(Your goal)
Everything in the data that follows should be given again verbatim, except the images.

(Data extract)
• • • • • • •
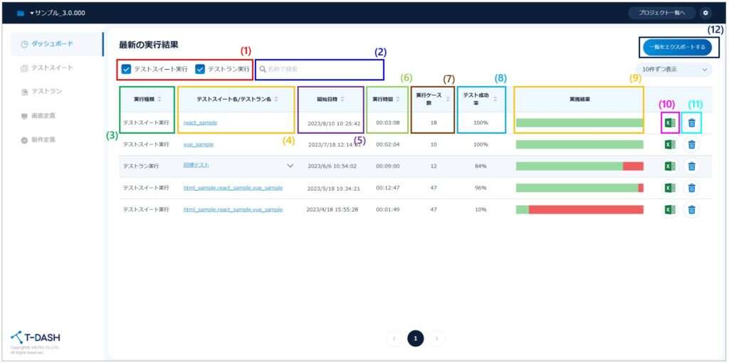 T-DASHの画面上でテストの実行・結果判定も可能です。
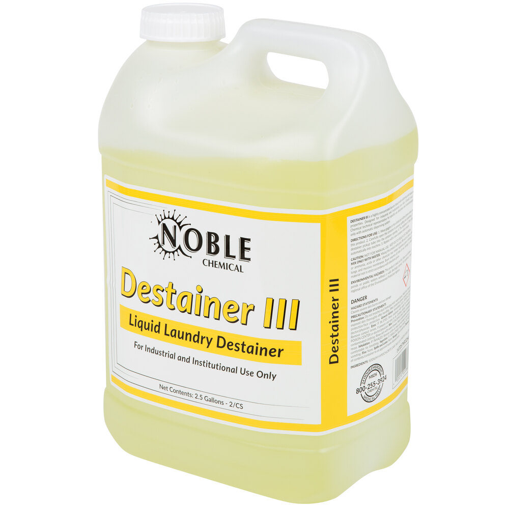 Noble's Destainer III liquid laundry destainer features a highly-concentrated chlorine bleach formula designed to clean even your dirtiest laundry. This product is enhanced with whitening and stain removal properties and can bring the white color back to your aprons, towels, and uniforms. Destainer III is designed for use in industrial and institutional settings and is the perfect choice for any high-volume establishment.
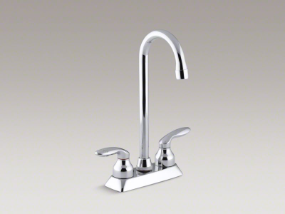This Coralais sink faucet adds classic style to your entertainment station or bar setup. It features two sculptured lever handles and a stationary, high-arch gooseneck spout that allows plenty of room for preparing drinks and appetizers, chilling bottles and handling party cleanup.
• • • • • • •
(Task answer)
 T-DASHの画面上でテストの実行・結果判定も可能です。
 Noble's Destainer III liquid laundry destainer features a highly-concentrated chlorine bleach formula designed to clean even your dirtiest laundry. This product is enhanced with whitening and stain removal properties and can bring the white color back to your aprons, towels, and uniforms. Destainer III is designed for use in industrial and institutional settings and is the perfect choice for any high-volume establishment.
This Coralais sink faucet adds classic style to your entertainment station or bar setup. It features two sculptured lever handles and a stationary, high-arch gooseneck spout that allows plenty of room for preparing drinks and appetizers, chilling bottles and handling party cleanup.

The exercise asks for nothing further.